Ozawa T, Ninomiya Y, Honma T, Kikuchi M, Sato T, Nakano M, Arakawa M
Department of Medicine (II), Niigata University School of Medicine, Japan.
Scand J Rheumatol. 1995;24(1):38-43. doi: 10.3109/03009749509095153.

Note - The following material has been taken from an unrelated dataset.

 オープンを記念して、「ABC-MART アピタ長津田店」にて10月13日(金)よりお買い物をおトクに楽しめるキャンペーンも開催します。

The relationship between serum angiotensin I-converting enzyme (ACE) activity, a possible marker of pulmonary endothelial injury, and the occurrence of pulmonary hypertension (PH) in patients with mixed connective tissue disease (MCTD) was investigated. Before corticsteroid therapy, the mean serum ACE level was 26.4 +/- 14.0 mU/ml in patients with MCTD and PH (n = 6), 16.8 +/- 4.1 mU/ml in patients with MCTD but without PH (n = 18), 16.8 +/- 4.1 mU/ml in patients with undifferentiated connective tissue disease (n = 14), and 16.5 +/- 3.9 mU/ml in controls (n = 18). No significant difference in the enzyme activity was found among the groups. However, 4 patients with MCTD showed increased ACE levels (> 28.3 mU/ml), and all of them had PH. Our results suggest that elevation of serum ACE activity may be related to the occurrence of PH in patients with MCTD.

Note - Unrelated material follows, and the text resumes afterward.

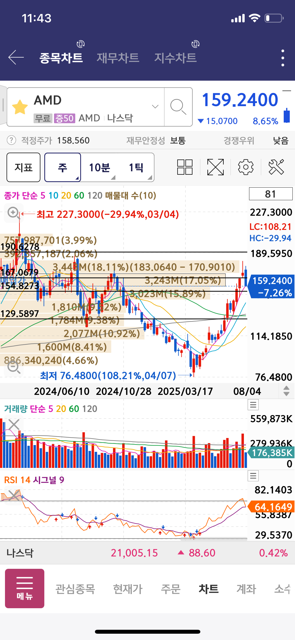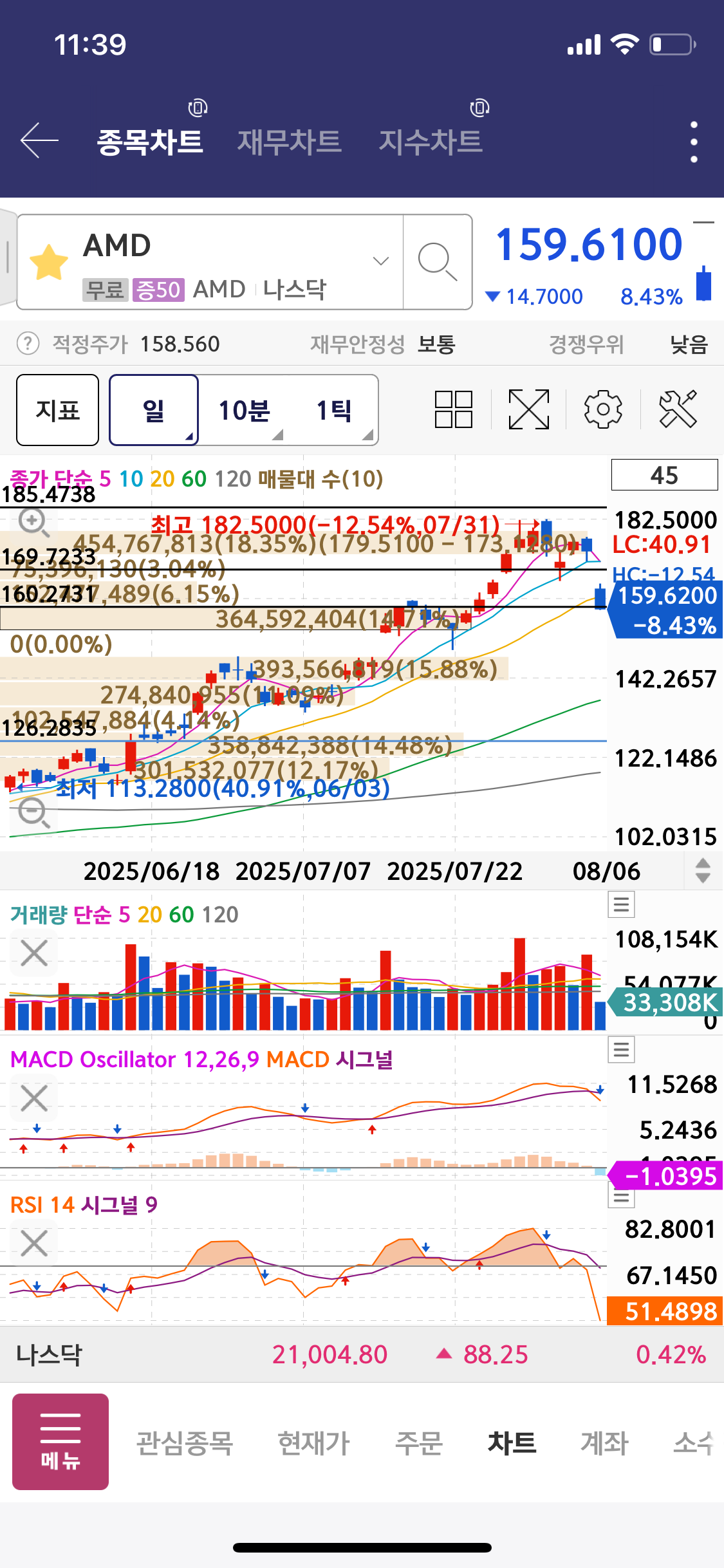매매기준: 20일평선에 닿아서 매수. AMD는 엔디비아 헷지개념으로 들고 가기 좋아서 매수. 10평선 부셔서 익절

研究了血清血管紧张素I转换酶(ACE)活性(一种可能的肺内皮损伤标志物)与混合性结缔组织病(MCTD)患者肺动脉高压(PH)发生之间的关系。在使用皮质类固醇治疗前,MCTD合并PH患者(n = 6)的平均血清ACE水平为26.4±14.0 mU/ml,MCTD但无PH患者(n = 18)为16.8±4.1 mU/ml,未分化结缔组织病患者(n = 14)为16.8±4.1 mU/ml,对照组(n = 18)为16.5±3.9 mU/ml。各组间酶活性无显著差异。然而,4例MCTD患者的ACE水平升高(> 28.3 mU/ml),且均患有PH。我们的结果表明,血清ACE活性升高可能与MCTD患者PH的发生有关。